VALLEJÓPATAS : El Buen Sentido

Para los Vallejópatas el buen sentido es una especie de misiva que hiciera el poeta a su madre. Y un atajo para imaginar al vallejo migrante. 

Vallejo Migrante: adentrarse en la vida de una personalidad tan exaltada como Vallejo significa hurgar en su entorno familiar, que era el típico de una familia de clase media provinciana. Las primeras migraciones de Vallejo marcan su obra, parte de la cual está inspirada en el recuerdo de su madre. Este video poema de creación colectiva es un homenaje a la diáspora peruana, esa silente comunidad que cultiva la nostalgia con alegría. Y a Vallejo el icono más importante para los peruanos de París.

El Buen Sentido es una creación colectiva, con los artistas que forman parte de la valleopatía, in memoriam del músico puneño-limeño Alfredo Mamani.

el buen sentido

El Buen Sentido

Realización: Rubén D. Romero Prieto
Producción: Alice Fremont, Manuel Moreno
Declama: Hernán Prado
Performance: Ljublana Curich
Imágenes: Olivier Montiel -Xavier Morales -Rubén D.
Música: El Polen – Manuel Miranda

EL BUEN SENTIDO de César Vallejo

Hay, madre, un sitio en el mundo, que se llama París. Un sitio muy grande y lejano y otra vez grande.

Mi madre me ajusta el cuello del abrigo, no porque empieza a nevar, sino para que empiece a nevar.

La mujer de mi padre está enamorada de mí, viniendo y avanzando de espaldas a mi nacimiento y de pecho a mi muerte. Que soy dos veces suyo: por el adiós y por el regreso. La cierro, al retornar. Por eso me dieran tánto sus ojos, justa de mí, in fraganti de mí, aconteciéndose por obras terminadas, por pactos consumados.

Mi madre está confesa de mí, nombrada de mí. ¿Cómo no da otro tanto a mis otros hermanos? A Víctor, por ejemplo, el mayor, que es tan viejo ya, que las gentes dicen: ¡Parece hermano menor de su madre! ¡Fuere porque yo he viajado mucho! ¡Fuere porque yo he vivido más!

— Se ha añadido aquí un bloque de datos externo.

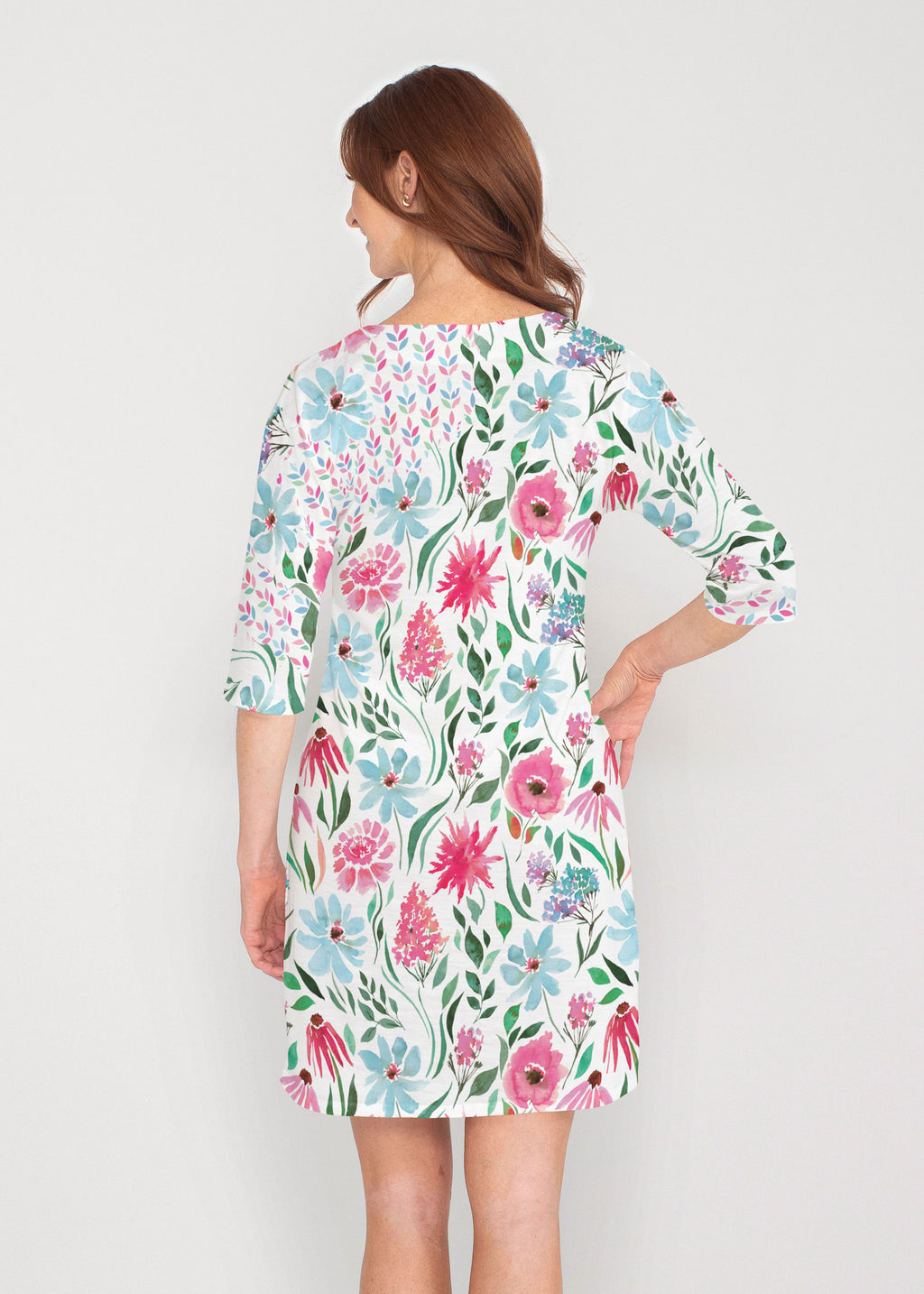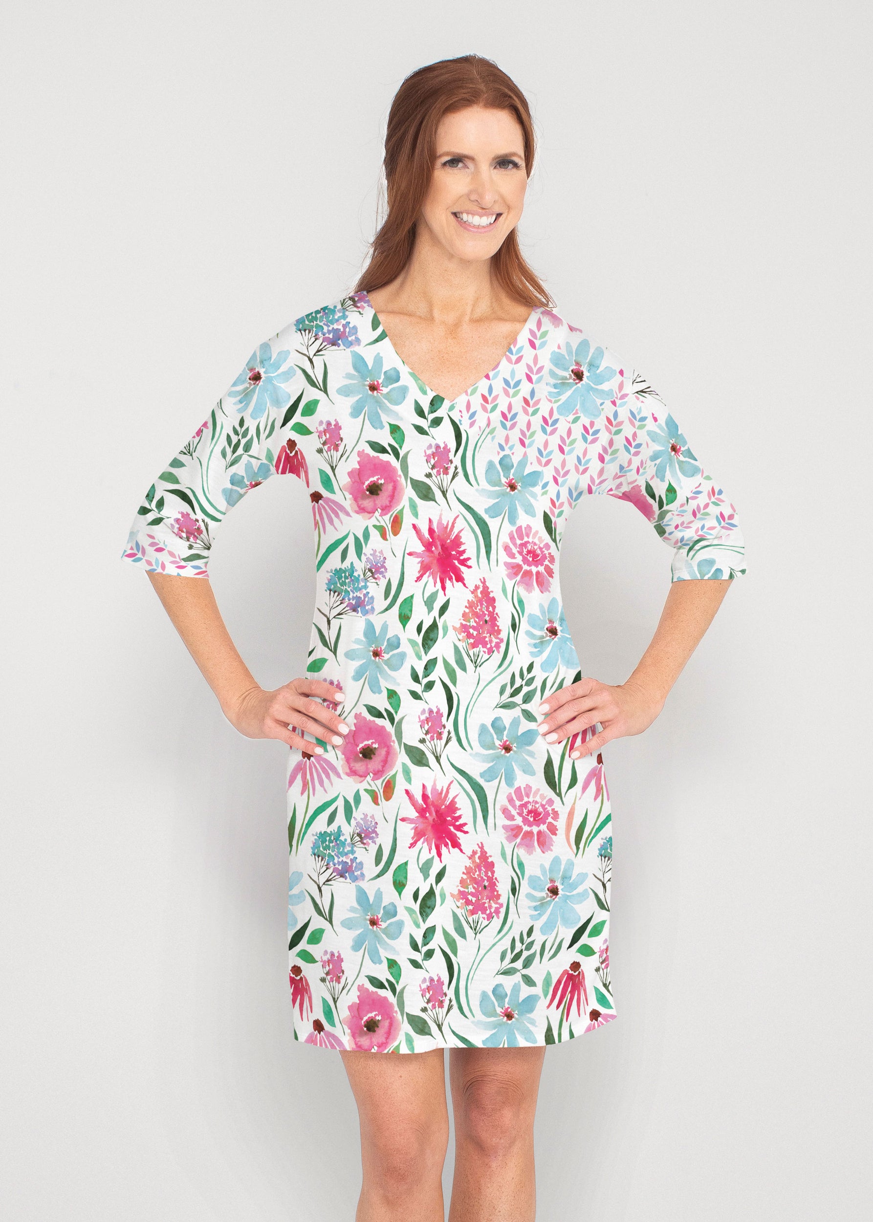 Be comfortable and fashionable all day in our soft Lucy fabric. This v-neck dress features loose 3/4 sleeves, drop shoulders and falls just at the knee.
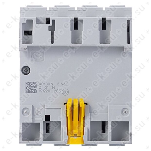 Leakage current: 30 mA, number of poles: 4, rated voltage: 380 V, rated current: 40 A, number of modules: 4, rated breaking time: 20 ms, operating principle: electromechanical, type: AC, protection class: IP2X

Mi madre acuerda carta de principio colorante a mis relatos de regreso. Ante mi vida de regreso, recordando que viajé durante dos corazones por su vientre, se ruboriza y se queda mortalmente lívida, cuando digo, en el tratado del alma: Aquella noche fui dichoso. Pero, más se pone triste; más se pusiera triste.

—Hijo, ¡cómo estás viejo!

Y desfila por el color amarillo a llorar, porque me halla envejecido, en la hoja de espada, en la desembocadura de mi rostro. Llora de mí, se entristece de mí. ¿Qué falta hará mi mocedad, si siempre seré su hijo? ¿Por qué las madres se duelen de hallar envejecidos a sus hijos, si jamás la edad de ellos alcanzará a la de ellas? ¿Y por qué, si los hijos, cuanto más se acaban, más se aproximan a los padres? ¡Mi madre llora porque estoy viejo de mi tiempo y porque nunca llegaré a envejecer del suyo!

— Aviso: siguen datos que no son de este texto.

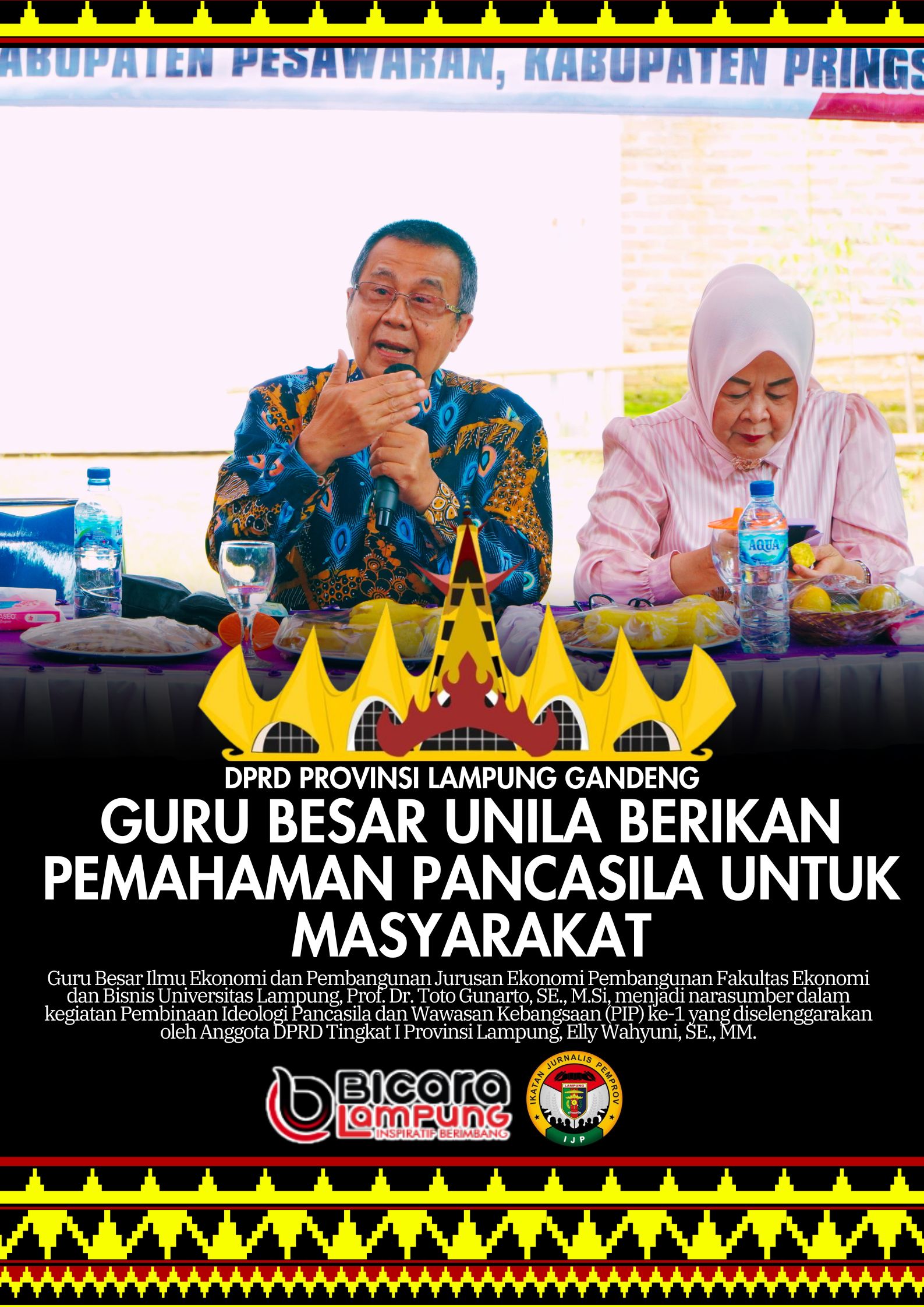 BICARALAMPUNG– Guru Besar Ilmu Ekonomi dan Pembangunan Jurusan Ekonomi Pembangunan Fakultas Ekonomi dan Bisnis Universitas Lampung, Prof. Dr. Toto Gunarto, SE., M.Si, menjadi narasumber dalam kegiatan Pembinaan Ideologi Pancasila dan Wawasan Kebangsaan (PIP) ke-1 yang diselenggarakan oleh Anggota DPRD Tingkat I Provinsi Lampung, Elly Wahyuni, SE., MM.
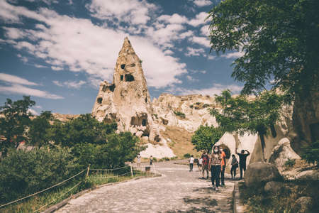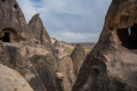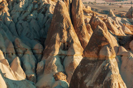 Cave houses and buildings in Cappadocia, Turkey. Stone peaks with doors and windows. Dwelling in real caves. 2019-08-14
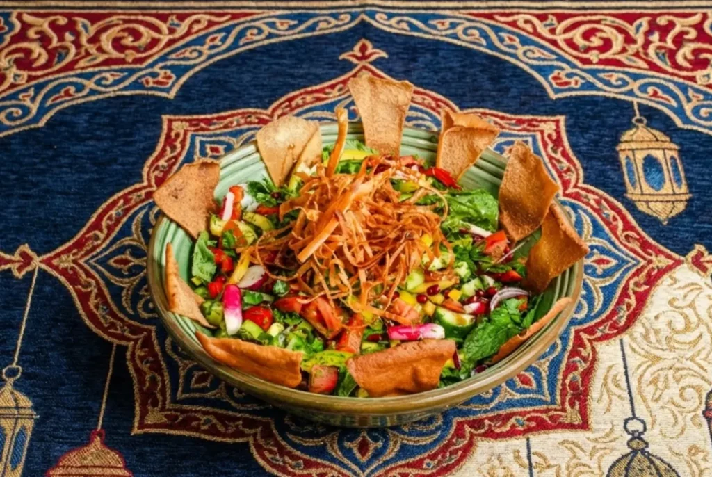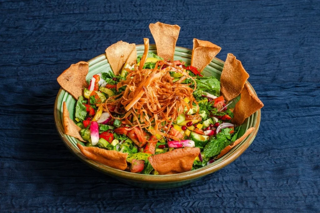 Garden-fresh vegetables and herbs, tossed in a lemon-pomegranate dressing, crowned with fried Syrian flatbread
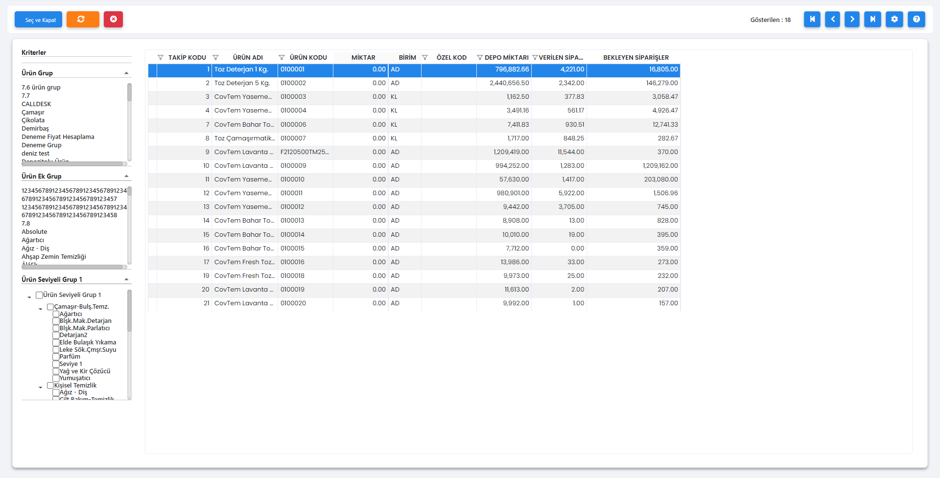 Hızlı giriş ürün listesinde, Ürün Grup seçimi yapılarak sadece seçilen ürün gruplarına bağlı ürünlerin listelenmesi için kullanılır. |
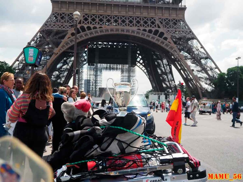 Nuestro intrépido viajero fue testigo de la vorágine que vivió la capital del Sena durante esas horas previas al encuentro. Disfrutó en primera persona del ambiente desde la Torre Eiffel. Incluso presenció cómo se las gastan en la “Ciudad de la luz”: sólo unos segundos para robar todo lo que llevaba en el maletero. Son hábiles esta gentuza… Y es que la Vespa levanta también recuerdos, retratos de la infancia: la tuya y la de tus familiares. Fue así como vieron la Vespa de Mamu y le ayudaron a acercarse al estadio de fútbol. Incluso le dieron el mejor consejo: “si no tienes entrada para ver el partido, vete de aquí, porque se va a liar parda”. Hecho. En Vespa, a pie o en coche. París fue el escaparate de un bochorno que vio todo el mundo durante varios minutos. Inseguridad, robos, ultrajes, miedo. Liberté, égalité, fraternité. Ahí es nada, my friend. A la pregunta de… ¿y si llega a perder? Martín lo tiene claro: “ni se me pasó por la cabeza pensar que iba a perder, las finales están para ganarlas y eso es lo que hace siempre el Real Madrid”.
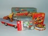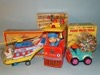 | Lot # 343 - LOT OF 2 TOYS: Includes 1) ZIG-ZAG RACE: Yonezawa..O/B..20"L tin BO. Four plastic motorcycles and go carts circle the track. Box has corner tears. VG-C9 2) LIFT GARAGE: Technofix..O/B..15.5"W tin/plastic WU. Lift moves cars to the top level. Includes three cars. Box has minor tears. VG/E-C9 | ||

Mi adiós partió de un punto de su ser, más externo que el punto de su ser al que retorno. Soy, a causa del excesivo plazo de mi vuelta, más el hombre ante mi madre que el hijo ante mi madre. Allí reside el candor que hoy nos alumbra con tres llamas. Le digo entonces hasta que me callo:

—Hay, madre, en el mundo un sitio que se llama París. Un sitio muy grande y muy lejano y otra vez grande.

La mujer de mi padre, al oírme, almuerza y sus ojos mortales descienden suavemente por mis brazos.